**What to produce**
Begin your copy at the line with "En este momento" in the records below and end it at the line with "72433802 BADENWEILER BW", restating each line word for word; omit the pictures.

-- Given data follows --

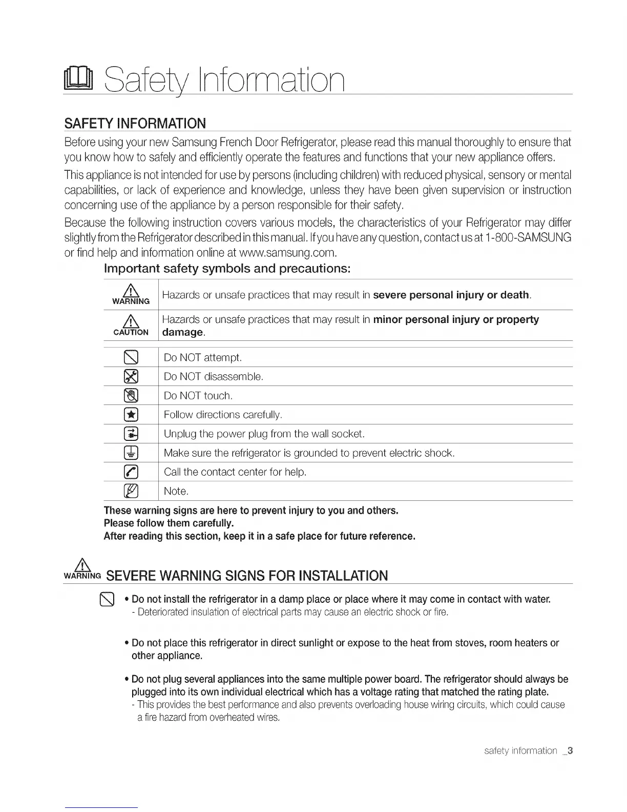 slightlyfrom the Refrigeratordescribed inthis manual,Ifyou haveanyquestion, contact usat 1-800-SAMSU NG
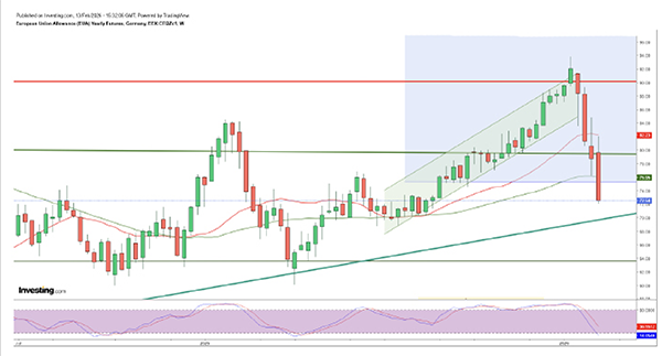 The Dec 2026 contract saw a sharp fall of 21 per cent to EUR71. It is most likely that EUR70 will act as a major support. The long-term EUA price for 2030 has fallen by EUR17 to EUR83. The market is not expected to reach the EUR100 mark until the 2033 contract. Meanwhile, the UK Allowance (UKA) December 2026 contract has fallen 30 per cent to GBP46.00 (EUR53).
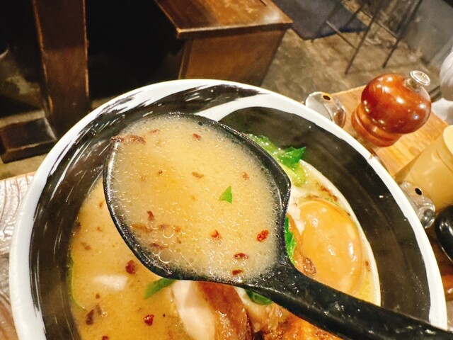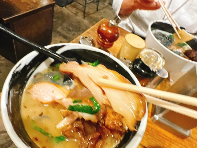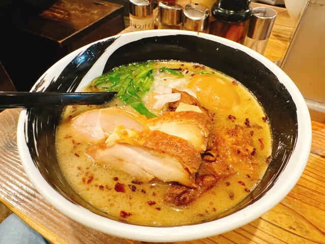 連休中だったので、学生客が少なく 待ちなしで座れました。 塩鶏そば(麺大盛り)、期間限定の牡蠣そばを注文。 牡蠣そばは、麺大盛り不可でした。残念。 塩鶏そばが先に到着。 裏切らない美味しさ。 続いて牡蠣そば到着。 スープには撹拌された牡蠣が。 濃厚でクリーミー。 ツルツ... 詳細を見る
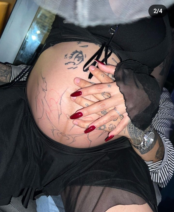 Mostrando con orgullo su barriguita, lo hizo con su estilo caracterĂstico, vistiendo un top corto negro revelador con detalles transparentes y una minifalda a juego en tonos oscuros, de acuerdo con Vox Populi.
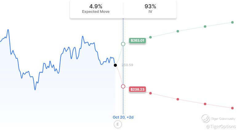 According to options pricing, the market is anticipating an expected move of approximately 4.9% for Tesla following its earnings report. This implies a price range between $238.23 (4.9% down) and $263.01 (4.9% up) from the stock's current price. Earnings can be a major catalyst for stock price movement, and the expected move accounts for this anticipated volatility.
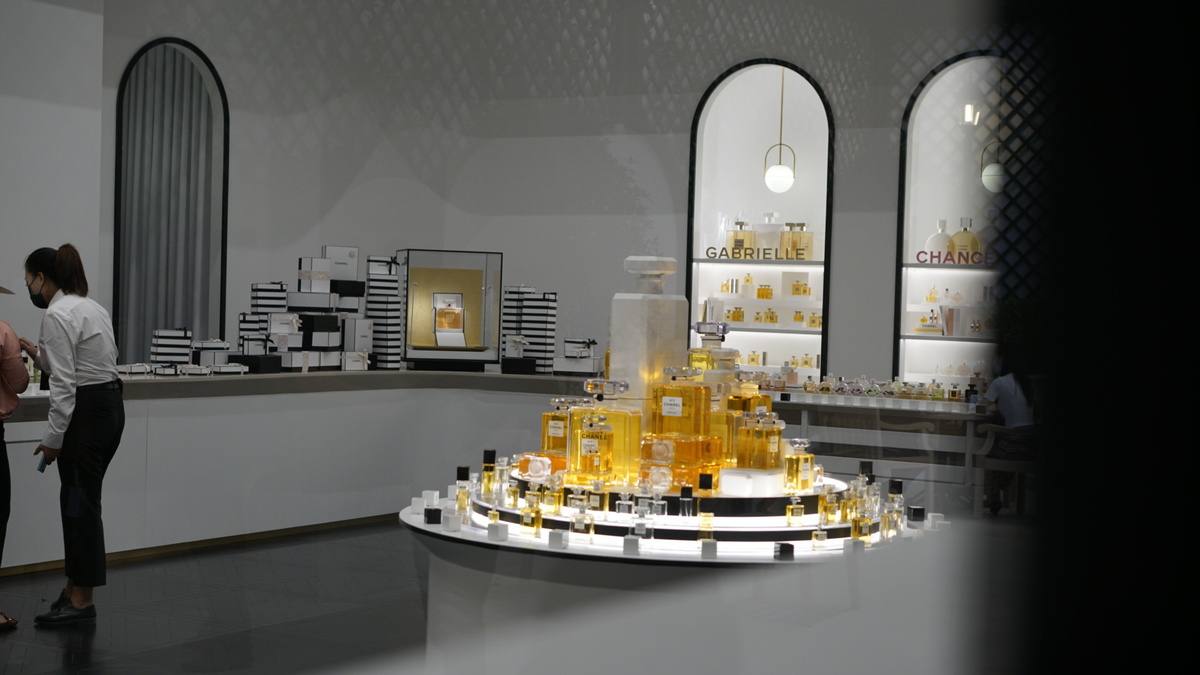 The first perfume exhibition by Chane opened at the Shanghai West Bund Art Center on Aug 23, 2021. [Photo by He Qi/China Daily]
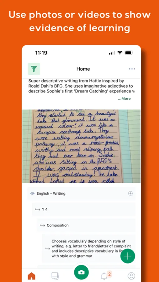 - Capture photos, videos and audio to show evidence of learning.
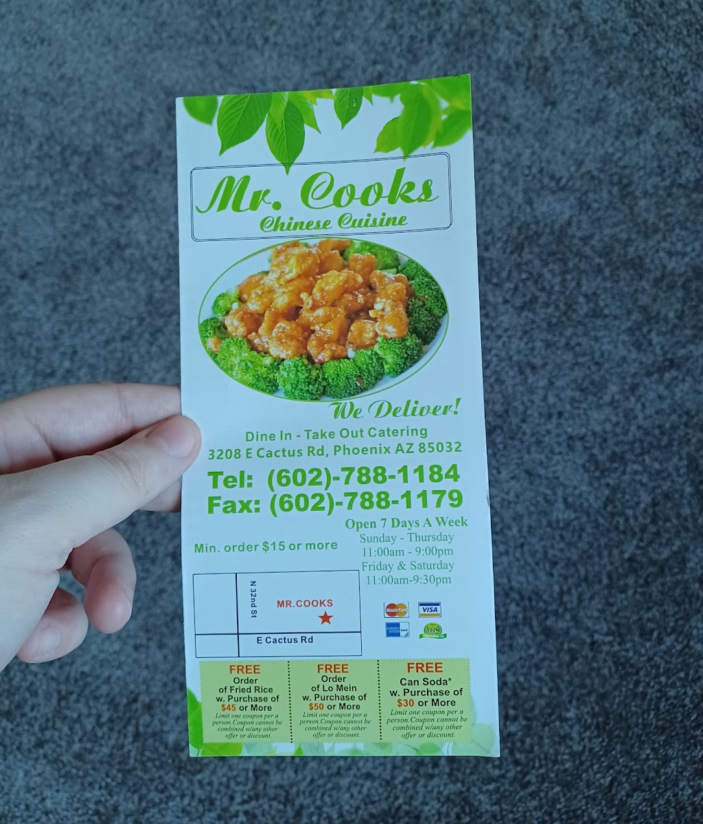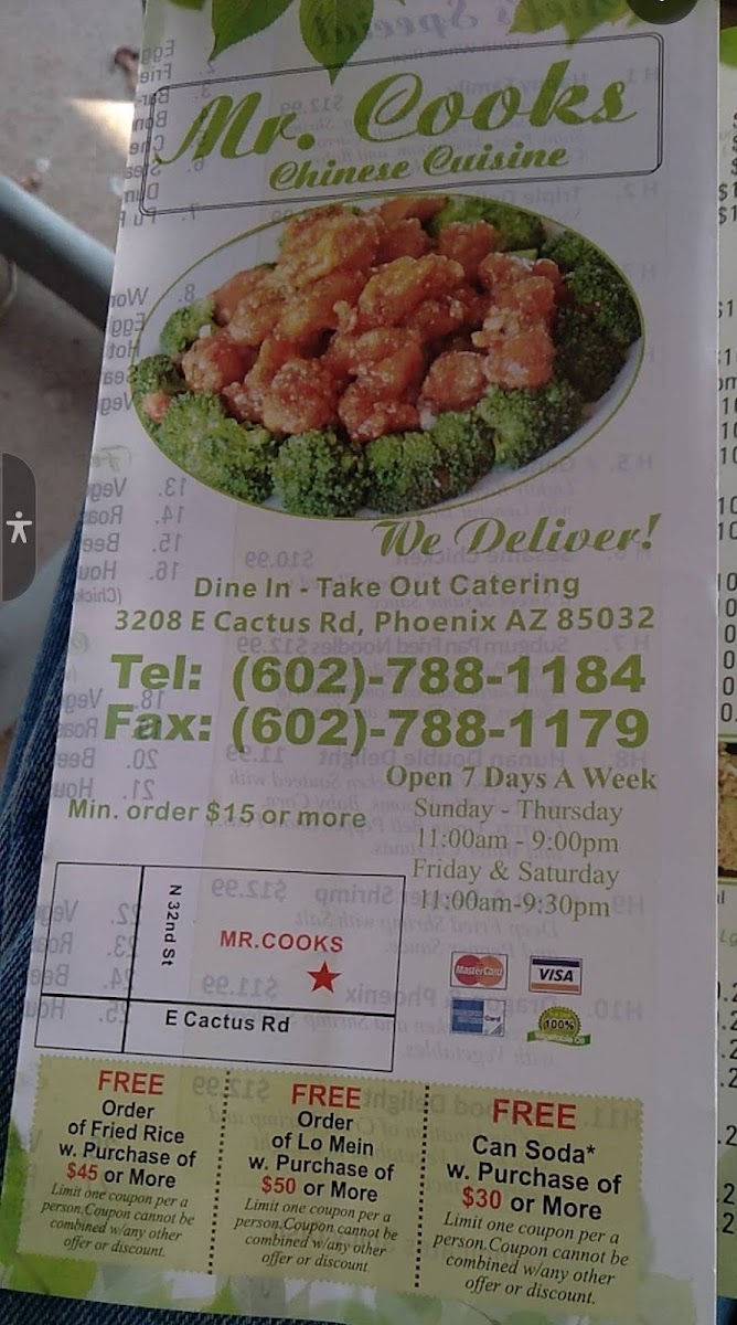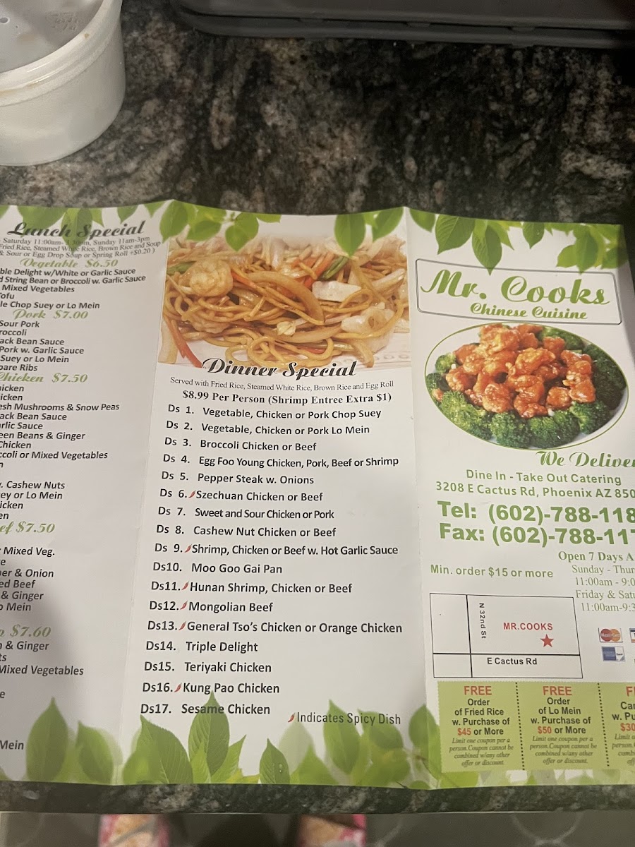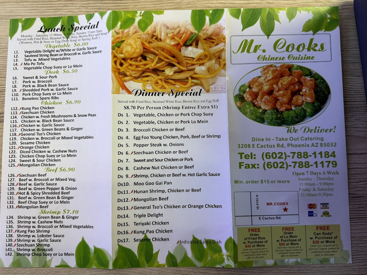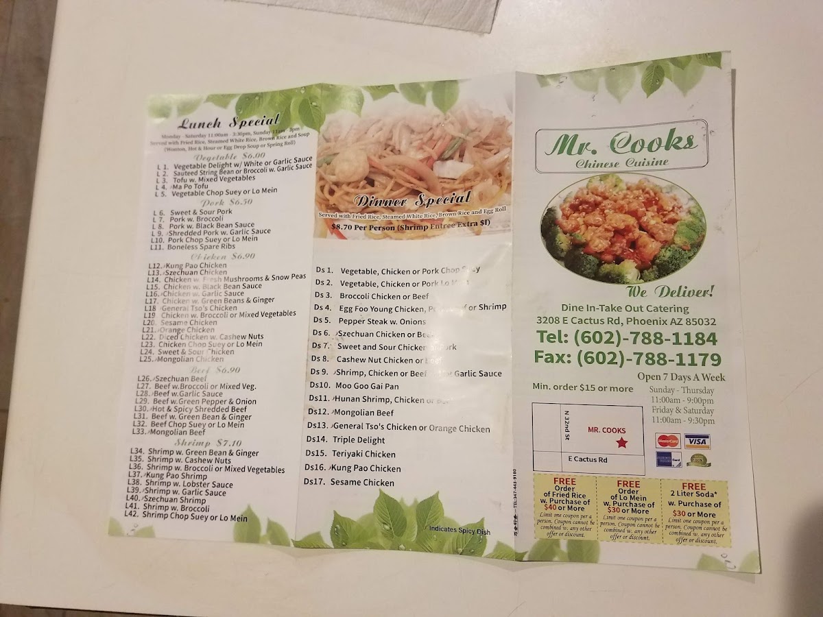 The menu at Mr Cooks offers a range of Chinese and fast food options, suitable for lunch and dinner. It includes multiple categories focused on a variety of meat and seafood dishes, accompanied by traditional sides and rice. The menu is designed to accommodate both dine-in and meal delivery services.
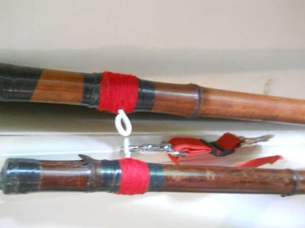 En este momento envolver el nob de extremo del bambú en cinta de PVC para evitar raspar y aumentar los niveles de confort.
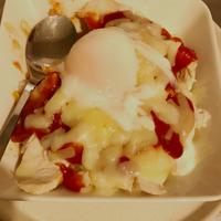 半熟卵とサラダチキンのドリア風 レシピ・作り方
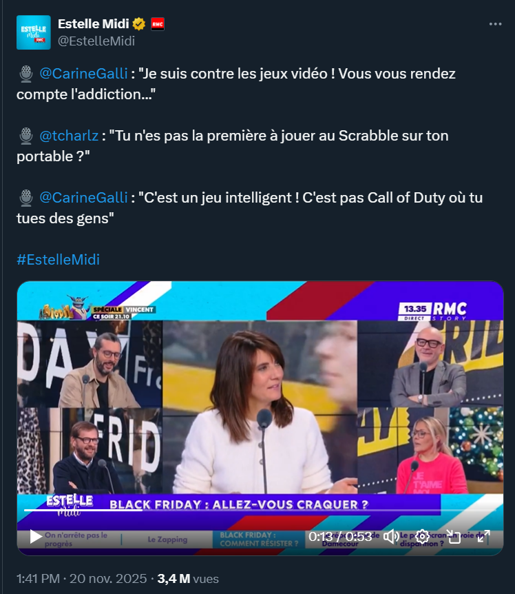 Derrière cet échange entre Carine Galli et les autres personnes en plateau assez raisonnables, plusieurs poncifs tournent autour du jeu vidéo. Le plus difficile étant celui à faire raisonner aux gens que s’ils jouent à Candy Crush ou au Scrabble sur leur téléphone, ils jouent eux aussi aux jeux vidéos. Car lorsque l’on parle des 40 millions de joueurs et joueuses évoqués par Charles Magnien, l’on fait référence aux chiffres avancés par le SELL, à savoir le syndicat des éditeurs de logiciels de loisirs. Un chiffre qui comprend aussi bien les passionnés de jeu vidéo que les joueurs occasionnels, voire très occasionnels. La donne a changé.
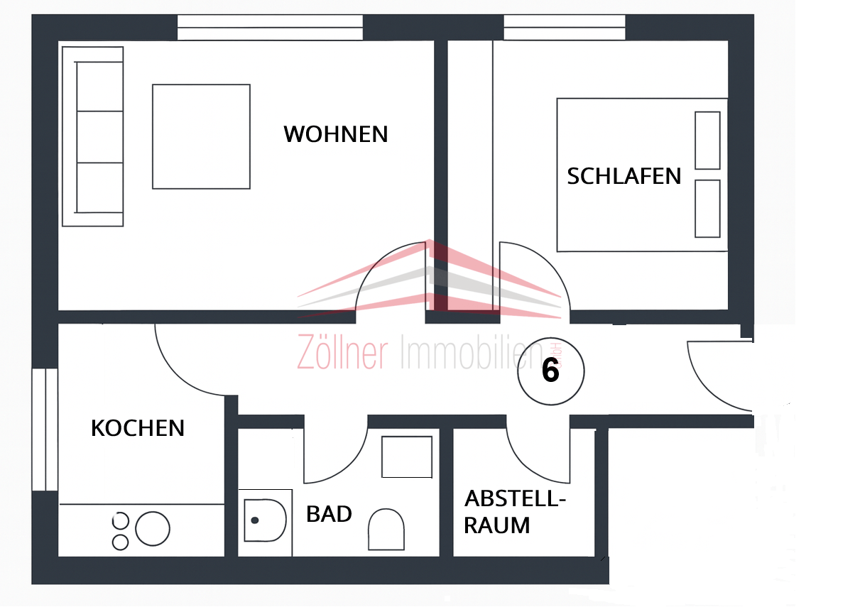 Die Raumaufteilung umfasst ein Wohnzimmer, ein Schlafzimmer, ein Innenbad mit Dusche, WC, Waschbecken und einem Waschmaschinenanschluss, sowie einen praktischen Abstellraum in der Wohnung.
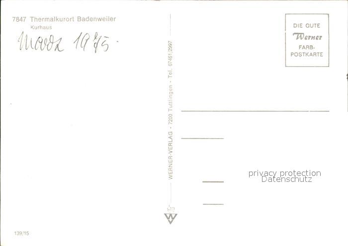 72433802 BADENWEILER BW Kurhaus Burgruine postalisch nicht gelaufen Erhaltung siehe scans KatCode: 11110008315007
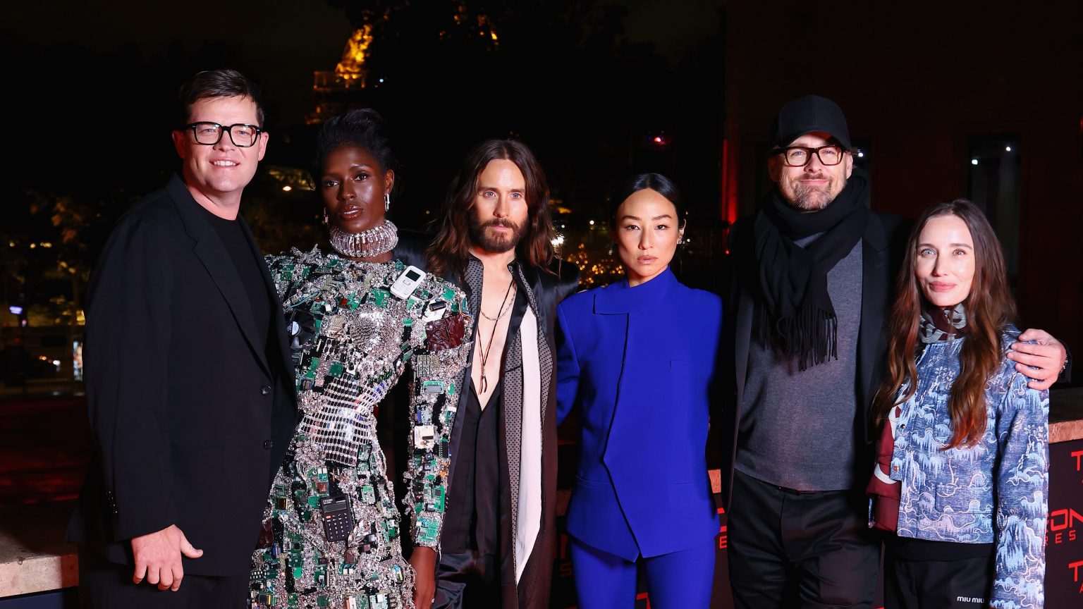 Le Palais de Tokyo, sublimé pour l'occasion par des projections magnétiques évoquant les motifs lumineux de la franchise, a accueilli l'équipe dans une ambiance nocturne. Les photos officielles capturent les participants posant devant un mur arborant le logo « TRON ARES » en rouge éclatant, avec la silhouette étincelante de la Tour Eiffel en arrière-plan. Jared Leto, en manteau noir fluide et pantalon ample, arbore une allure mystique avec ses longs cheveux et sa barbe, fixant l'objectif d'un regard intense. Greta Lee, vêtue d'un ensemble bleu structuré, apporte une touche d'élégance minimaliste, tandis que Jodie Turner-Smith impressionne dans une robe courte ornée de circuits électroniques et de composants high-tech, évoquant directement l'esthétique cybernétique du film.
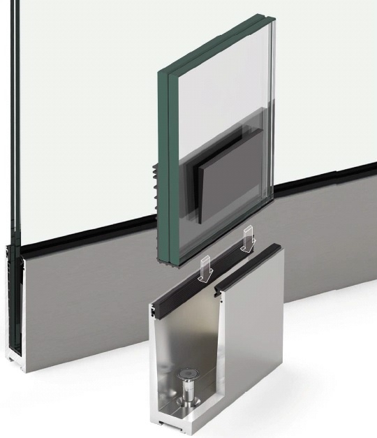 - El vidrio no necesita ser mecanizado, se sujeta mediante cuñas, por tanto es suficiente con un vidrio laminado LAMICID 6+6.2 8+8.2 o 10+10.2, aunque puede ser necesario que sean vidrios templados SECURCID, dependiendo de la carga a soportar y del espesor elegido. Para reducir el espesor de vidrio, y conseguir una mayor estabilidad estructural, es requerido para fabricar el vidrio laminado el uso del intercalario SENTRYGLAS, que permite una resistencia mucho mayor a espesores menores.
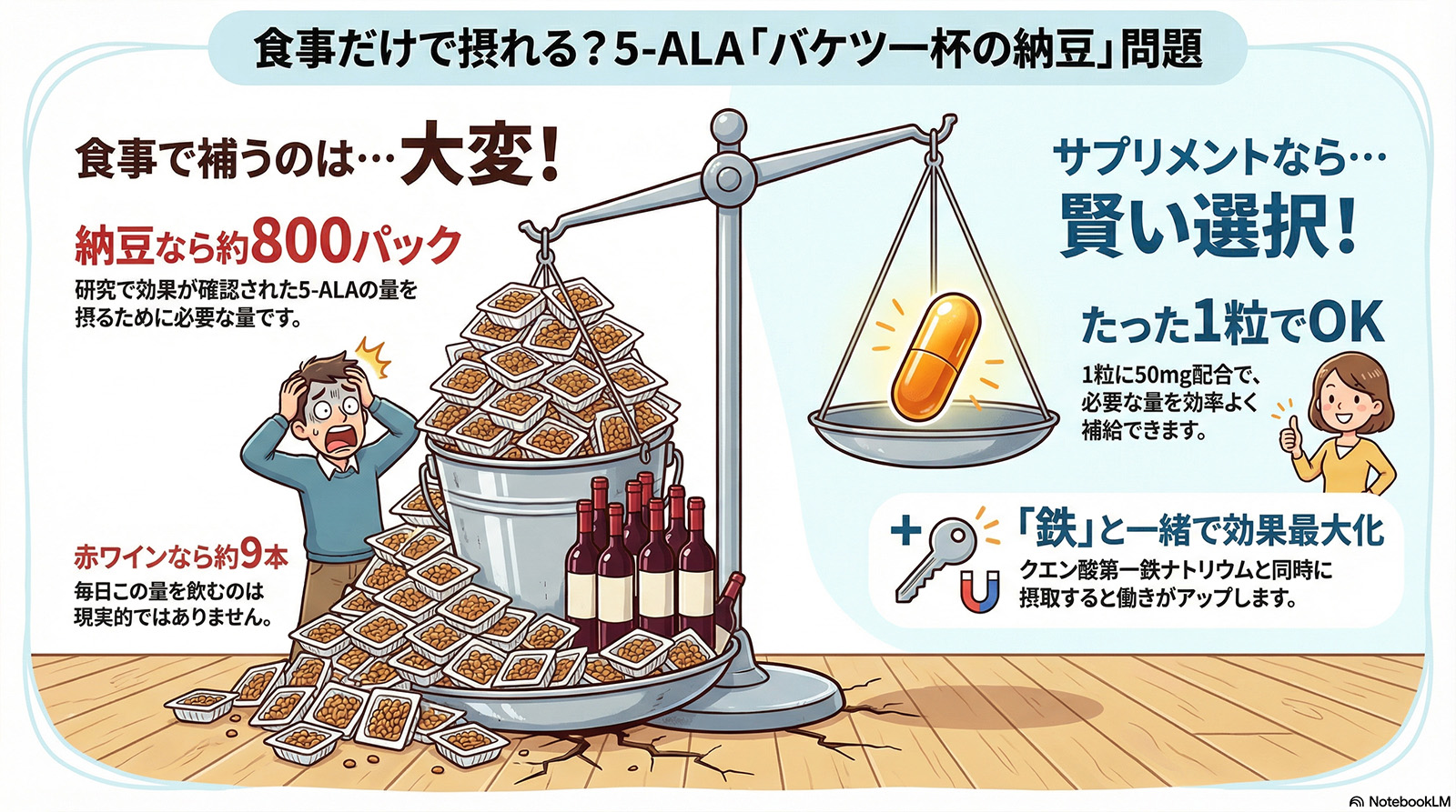 5-ALAは、納豆や黒酢などの発酵食品に含まれていますが、その量はごく微量です。例えば、研究で効果が確認されている量(数十mg)を食事だけで摂ろうとすると、納豆なら約800パック、ワインなら約9本も必要になってしまいます。 現実的には、食事(腸活としての納豆など)をベースにしつつ、サプリメントで効率よく補うのが賢い選択です。

-- Given data concluded --

**Response to this task**
 En este momento envolver el nob de extremo del bambú en cinta de PVC para evitar raspar y aumentar los niveles de confort.
 半熟卵とサラダチキンのドリア風 レシピ・作り方
 Derrière cet échange entre Carine Galli et les autres personnes en plateau assez raisonnables, plusieurs poncifs tournent autour du jeu vidéo. Le plus difficile étant celui à faire raisonner aux gens que s’ils jouent à Candy Crush ou au Scrabble sur leur téléphone, ils jouent eux aussi aux jeux vidéos. Car lorsque l’on parle des 40 millions de joueurs et joueuses évoqués par Charles Magnien, l’on fait référence aux chiffres avancés par le SELL, à savoir le syndicat des éditeurs de logiciels de loisirs. Un chiffre qui comprend aussi bien les passionnés de jeu vidéo que les joueurs occasionnels, voire très occasionnels. La donne a changé.
 Die Raumaufteilung umfasst ein Wohnzimmer, ein Schlafzimmer, ein Innenbad mit Dusche, WC, Waschbecken und einem Waschmaschinenanschluss, sowie einen praktischen Abstellraum in der Wohnung.
 72433802 BADENWEILER BW Kurhaus Burgruine postalisch nicht gelaufen Erhaltung siehe scans KatCode: 11110008315007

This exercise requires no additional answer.